[Record extracts — start]

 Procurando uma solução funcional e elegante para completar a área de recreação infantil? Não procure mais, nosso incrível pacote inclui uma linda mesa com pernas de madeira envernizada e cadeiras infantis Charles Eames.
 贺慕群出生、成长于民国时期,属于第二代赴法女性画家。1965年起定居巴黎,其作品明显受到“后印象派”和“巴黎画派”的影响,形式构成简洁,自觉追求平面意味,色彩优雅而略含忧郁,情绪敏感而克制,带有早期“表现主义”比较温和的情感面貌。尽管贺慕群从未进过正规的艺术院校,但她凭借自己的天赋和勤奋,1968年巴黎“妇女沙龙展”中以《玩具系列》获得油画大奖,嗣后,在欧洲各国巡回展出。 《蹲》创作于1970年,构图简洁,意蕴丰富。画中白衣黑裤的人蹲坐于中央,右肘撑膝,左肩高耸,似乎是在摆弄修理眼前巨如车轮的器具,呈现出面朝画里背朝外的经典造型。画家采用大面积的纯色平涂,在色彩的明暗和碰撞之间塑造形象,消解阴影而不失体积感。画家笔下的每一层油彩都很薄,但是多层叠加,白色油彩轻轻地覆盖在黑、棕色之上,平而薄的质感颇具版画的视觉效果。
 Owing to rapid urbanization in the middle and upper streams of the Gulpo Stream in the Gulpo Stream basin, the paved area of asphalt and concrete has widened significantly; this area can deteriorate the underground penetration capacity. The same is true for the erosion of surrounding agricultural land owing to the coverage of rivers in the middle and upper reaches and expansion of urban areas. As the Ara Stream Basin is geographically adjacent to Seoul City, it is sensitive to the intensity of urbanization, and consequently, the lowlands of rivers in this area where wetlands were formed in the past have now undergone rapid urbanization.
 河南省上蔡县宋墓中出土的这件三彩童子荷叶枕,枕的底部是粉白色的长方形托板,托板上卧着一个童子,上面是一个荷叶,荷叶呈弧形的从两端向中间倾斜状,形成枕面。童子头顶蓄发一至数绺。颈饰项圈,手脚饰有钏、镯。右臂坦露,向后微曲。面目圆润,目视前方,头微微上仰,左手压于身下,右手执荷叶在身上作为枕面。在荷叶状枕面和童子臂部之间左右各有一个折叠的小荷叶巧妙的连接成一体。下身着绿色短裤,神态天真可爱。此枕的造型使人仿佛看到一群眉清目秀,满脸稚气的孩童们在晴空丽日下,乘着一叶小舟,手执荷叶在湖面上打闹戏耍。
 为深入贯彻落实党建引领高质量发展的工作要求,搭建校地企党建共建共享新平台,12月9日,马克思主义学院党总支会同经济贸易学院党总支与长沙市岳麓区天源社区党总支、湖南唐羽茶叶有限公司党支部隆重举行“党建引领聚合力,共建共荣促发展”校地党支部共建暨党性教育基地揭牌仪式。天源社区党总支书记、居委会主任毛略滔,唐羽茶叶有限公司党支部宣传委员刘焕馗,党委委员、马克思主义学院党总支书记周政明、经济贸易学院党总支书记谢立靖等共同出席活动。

[Record extracts — finish]
[Record extracts — start]

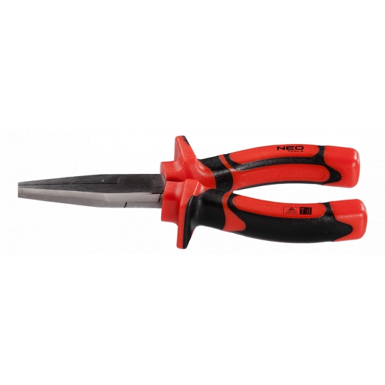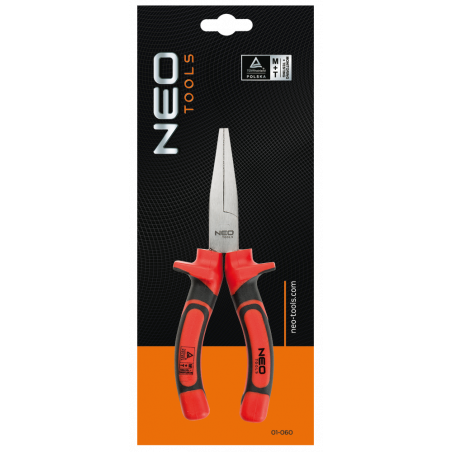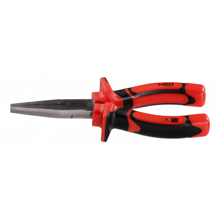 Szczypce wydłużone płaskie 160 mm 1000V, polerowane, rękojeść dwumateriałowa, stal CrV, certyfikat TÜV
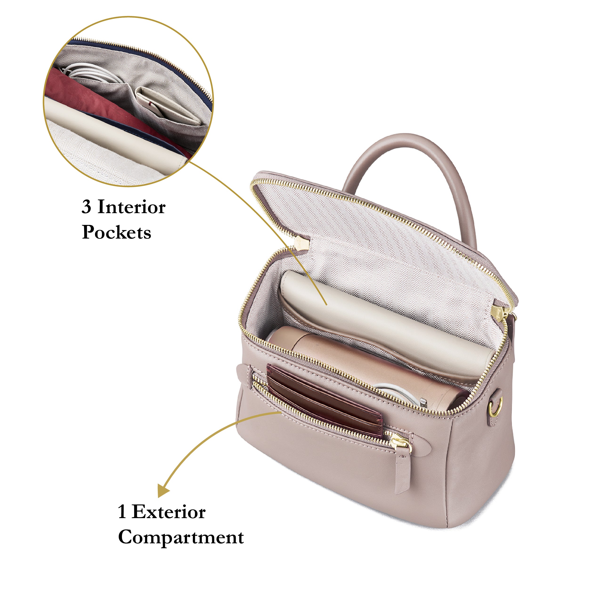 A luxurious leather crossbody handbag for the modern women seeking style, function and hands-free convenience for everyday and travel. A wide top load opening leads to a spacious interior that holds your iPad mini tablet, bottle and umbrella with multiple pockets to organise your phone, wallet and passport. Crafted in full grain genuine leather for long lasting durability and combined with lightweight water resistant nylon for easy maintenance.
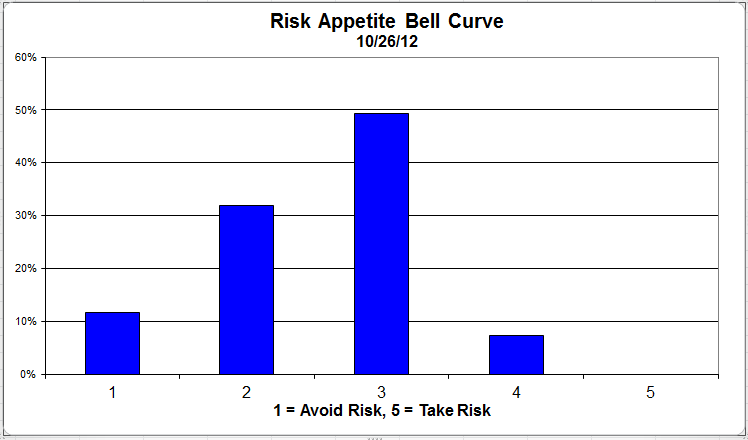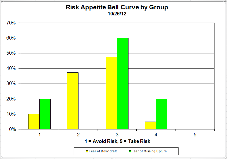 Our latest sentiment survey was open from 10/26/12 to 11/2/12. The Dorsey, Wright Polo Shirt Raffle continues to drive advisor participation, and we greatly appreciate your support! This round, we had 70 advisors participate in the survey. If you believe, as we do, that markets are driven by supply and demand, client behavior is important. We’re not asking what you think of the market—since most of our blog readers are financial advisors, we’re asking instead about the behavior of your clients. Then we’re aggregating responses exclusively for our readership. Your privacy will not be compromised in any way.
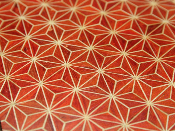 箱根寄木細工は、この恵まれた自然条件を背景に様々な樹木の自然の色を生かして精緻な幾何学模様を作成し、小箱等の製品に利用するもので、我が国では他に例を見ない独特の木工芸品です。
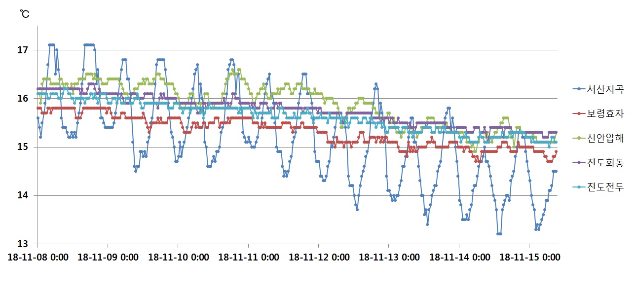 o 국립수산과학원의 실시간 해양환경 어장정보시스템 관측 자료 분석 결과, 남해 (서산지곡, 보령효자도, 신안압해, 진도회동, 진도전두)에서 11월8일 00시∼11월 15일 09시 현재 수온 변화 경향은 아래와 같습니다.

[Record extracts — finish]

### Task directions
Repeat word for word the lines above that run from the line containing "Procurando uma solução" through the line containing "贺慕群出生、成长于民国时期,属于第二代赴", both ends included, and nothing else.

### Exercise solution
 Procurando uma solução funcional e elegante para completar a área de recreação infantil? Não procure mais, nosso incrível pacote inclui uma linda mesa com pernas de madeira envernizada e cadeiras infantis Charles Eames.
 贺慕群出生、成长于民国时期,属于第二代赴法女性画家。1965年起定居巴黎,其作品明显受到“后印象派”和“巴黎画派”的影响,形式构成简洁,自觉追求平面意味,色彩优雅而略含忧郁,情绪敏感而克制,带有早期“表现主义”比较温和的情感面貌。尽管贺慕群从未进过正规的艺术院校,但她凭借自己的天赋和勤奋,1968年巴黎“妇女沙龙展”中以《玩具系列》获得油画大奖,嗣后,在欧洲各国巡回展出。 《蹲》创作于1970年,构图简洁,意蕴丰富。画中白衣黑裤的人蹲坐于中央,右肘撑膝,左肩高耸,似乎是在摆弄修理眼前巨如车轮的器具,呈现出面朝画里背朝外的经典造型。画家采用大面积的纯色平涂,在色彩的明暗和碰撞之间塑造形象,消解阴影而不失体积感。画家笔下的每一层油彩都很薄,但是多层叠加,白色油彩轻轻地覆盖在黑、棕色之上,平而薄的质感颇具版画的视觉效果。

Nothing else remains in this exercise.